Nas redes sociais, Lara Nicole Medeiros Mota, de 27 anos, posta como se precisasse provar que existe. Mãe, travesti, funkeira e influenciadora digital, ela compartilha seu cotidiano na arte e na criação de Flora Liz, uma bebê de um mês, gestada no ventre do pai, seu marido. Ali, ela mostra que sua família é como todas as outras: repleta de amor e cheia de ânimo para comemorar cada mesversário da pequena.

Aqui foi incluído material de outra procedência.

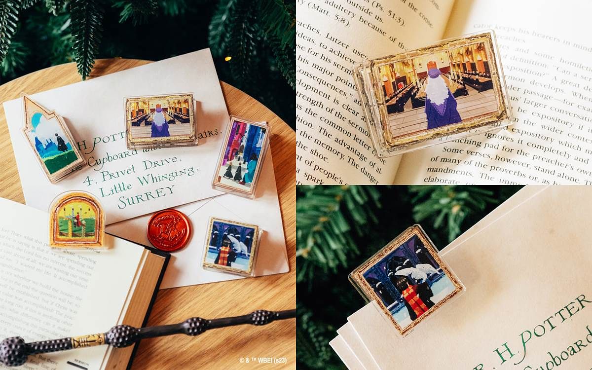 「哈利波特電影經典場景夾」的圖案設計為插畫家限定版,在詩意的繪畫筆觸下,呈現了哈利波特電影中最令人難以忘懷的場景,描繪出魔法世界中觸動人心的回憶時刻與經典人物,包含哈利波特、妙麗、鄧不利多、海格等等,以場景造型夾形式呈現,陪伴粉絲們生活日常。盲盒共有5個款式,包含:

Mas, fora dos stories e daquele perfil, os desafios que enfrenta no mundo real ainda são muitos. "É punk ser mãe e travesti porque a nossa maternidade é deslegitimada todo tempo", conta. O nome dela consta como mãe no documento da filha. Seus próprios documentos também trazem o nome feminino. Mas a letra da lei às vezes demora para ser reconhecida na sociedade, especialmente no país que mais mata pessoas trans no mundo.
Isso só fortalece a luta de Nicole, conhecida no meio artístico como Nik Hot, para tentar ajudar a desenhar um mundo diferente para o futuro da filha. Nascida em Ipueiras, Nicole cresceu em Fortaleza e, na capital, criou a ONG Casa Transformar para acolher a comunidade LGBTQIA+. Sempre teve o desejo de ser mãe e abraçou a missão com alegria.
"Mãe é uma palavra que combina muito com acolhimento. Ser mãe é ser amiga", acredita. E embora as pessoas insistam em não reconhecê-la como mãe, ela sabe que está dentro dela tudo o que precisa para sair do escanteio e maternar. "Existem várias configurações de maternidade", diz.
Para ela, é desafiadora a responsabilidade de cuidar de uma vida. "Um recém-nascido requer todo o cuidado. Está sendo bem intenso, mas estou me mantendo firme [neste propósito] mesmo diante da deslegitimidade", conta. O marido, um homem trans, também costuma ter sua paternidade questionada diariamente.
Mas, apesar de todas as questões, Flora vem ajudando Nicole a manter o foco e a calmaria. É ela que agora ajuda a mãe sonhar com um futuro mais diverso e potente. "Vejo um futuro ocupado também por famílias trans. Que venham outras crianças filhos de casais trans, que venham outras mães trans e travestis", roga.
"Acho que a maior revolta das pessoas preconceituosas e dos conservadores com a minha maternidade é porque elas estigmatizam que travesti só pode estar na esquina se prostituindo. Quando a cisnormatividade e o conservadorismo vêem uma travesti reproduzindo, o que para eles é algo exclusivo deles, é ainda pior. Vejo um futuro com mais pessoas como nós, contando histórias parecidas com as nossas", finaliza.